Burchfield, Jerry
American, 1947-2009
Buchfield's initial explorations of color photography came at a time when the aesthetic legitimacy of these processes was still up for debate. Photographers have been using various color processes for more than a century, and color film went on the market in the mid-1930s, but it was only in the 1970s later that color photography came to be accepted as an art form. Up to that point color was strongly associated with advertising, photojournalism, and amateurs. The myth persisted that only black and white images achieved the qualities of art.
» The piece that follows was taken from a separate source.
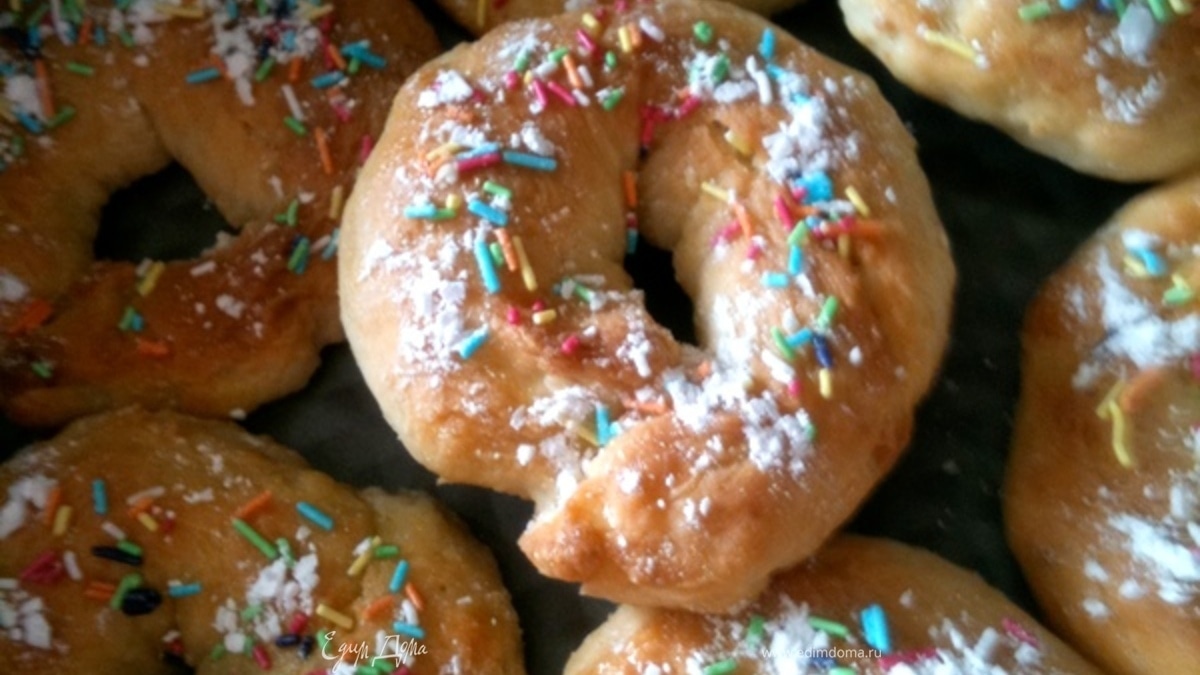 Взбить яйца с сахаром, добавить творог, все взбить в блендере, затем добавить муку, смешанную с разрыхлитем. На столе, присыпанным мукой, скатать руками "колбаску", концы скрепить в "пончик". Выпекать в духовке 25-30 минут при 180 градусах. - Шаг 2Растопленное сливочное масло смешать со ст.л сахара. Смазать готовые пончики этим маслом, сверху сразу украсить посыпкой, чтобы прилипла хорошо!:) Я еще немного сахарной пудрой присыпала.

Color photography's apparent coming of age was partly a matter of being christened by influential museum curators like John Szarkowski, who organized a pivotal exhibition of William Eggleston's color photographs at the Museum of Modern Art in 1976. Nevertheless, the creative work of Burchfield's generation, and particularly well-known figures like Eggleston, Joel Meyerowitz, and Stephen Shore, paved the way for the later predominance of color photographs in museums and galleries. In the decades that followed, Burchfield has pursued a number of long-term projects that use different forms of photography, as well as performance, video, or a large-scale installation format, to examine processes of change and subjects like humankind's precarious relationship with nature.
Burchfield was born in Chicago, Illinois. He pursued his education at California State University at Fullerton and ultimately completed a BA (1971), an MA (1977) and an MFA (1990). Currently Burchfield was a professor of photography at Cypress College in Cypress, California and the Director and Curator of the Cypress College Photography Galleries. He was the president of the non-profit foundation, The Legacy Project, and the Co-Director of Laguna Wilderness Press.